Подполковник юстиции Омаханов рассказал всю историю со своим смартфоном и пистолетом. Не забыл он упомянуть и о том, как Рамазан незаметно вышел через заднюю дверь автобуса, вовремя оказался за его спиной и приставил к шее пистолетный ствол. Старший следователь по особо важным делам признал себя виновным в том, что Магомедгаджи именно с его подачи устроил в автобусе стрельбу по пассажирам.

Капитан Одуванчиков заметил, что сделать это Манапу Мансуровичу было особенно нелегко.

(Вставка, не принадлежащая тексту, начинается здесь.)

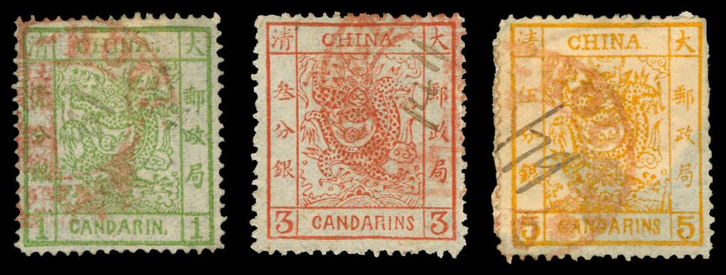 1ca. to 5ca., thin paper, complete set of three, all cancelled red 'CUSTOM-HOUSE WUHU' date by hand writing, very rare, only recorded in set. Chan 1-3.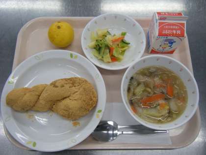 今日の給食は、きなこあげパン、牛乳、野菜のドレッシングかけ、肉だんご入り春雨スープ、くだもの(湘南ゴールド)です。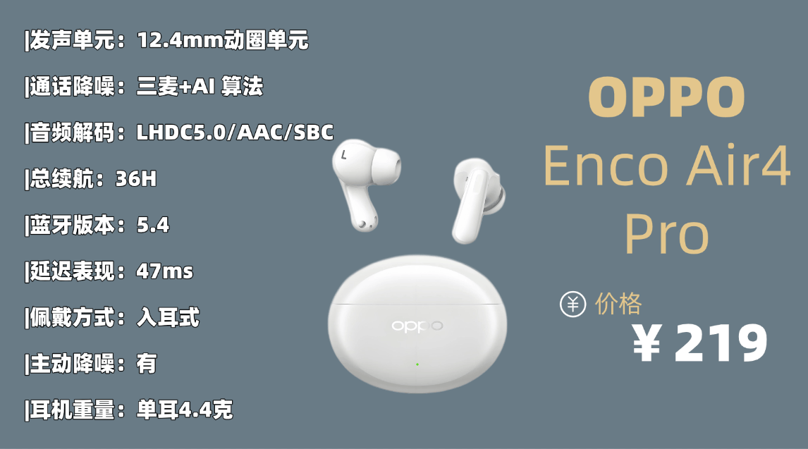 综合趋势主流品牌品牌8:O PPO E nco Air4 Pro蓝牙耳机

Ведь он по сути дела выступил то ли провокатором, то ли инициатором расстрела пассажиров автобуса. Даже тот факт, что он вытащил пистолет, желая остановить брата, никак не повлиял на то, что произошло несколькими минутами позднее. Оба офицера спецназа посматривали на подполковника Омаханова с заметным осуждением, но вслух никто ничего не сказал. Оба понимали ситуацию, знали, каково человеку приходится, когда на тебя несколько стволов наставлено.

– Теперь направо сверни, – сказал подполковник юстиции водителю.

Глава 6

Автоколонна, возглавляемая микроавтобусом, выехала на проселочную, хорошо укатанную грунтовую дорогу и дальше покатилась быстрее. Скоро машины миновали еще один поселок с собственной автостанцией, чуть позже без остановки проехали мимо автозаправки.

Еще через некоторое время водитель микроавтобуса в форме полицейского сержанта сообщил своим пассажирам:

– Подъезжаем. Вон автобус стоит, рядом с ним машины, вертолет МЧС в стороне.

Рядом с «Икарусом» стояли микроавтобус районного отделения следственного управления и «уазик» с символикой полиции. Был там и еще один микроавтобус, который, судя по надписи на борту, принадлежал республиканской телекомпании. Вертолет МИ-8 пристроился на дороге, чуть дальше, занял своим массивным телом едва ли не весь утрамбованный дорожный карман, чтобы не задевать лопастями винта автомобильный транспорт и не перегораживать саму грунтовку.

– Эти-то как пронюхали? – ворчливо сказал Манап Мансурович, увидев, как им навстречу устремилась девушка-журналистка с микрофоном в руках, говорящая что-то оператору, идущему за ней следом с большой камерой на плече.

Заметив телевизионщиков, майор Смурнов и капитан Одуванчиков надели на лицо медицинские маски, а подполковник Омаханов попытался ладонью закрыть объектив камеры.

– Никаких комментариев! – сразу сказал старший следователь по особо важным делам в микрофон, протянутый к его лицу.

– Вы почему без масок с людьми работаете? – между тем возмущенно произнес майор Смурнов. – Старлей! – позвал он офицера полиции, стоявшего рядом со своей ведомственной машиной. – Задержите господ журналистов, отвезите их в отделение и выпишите им штраф за нарушение масочного режима.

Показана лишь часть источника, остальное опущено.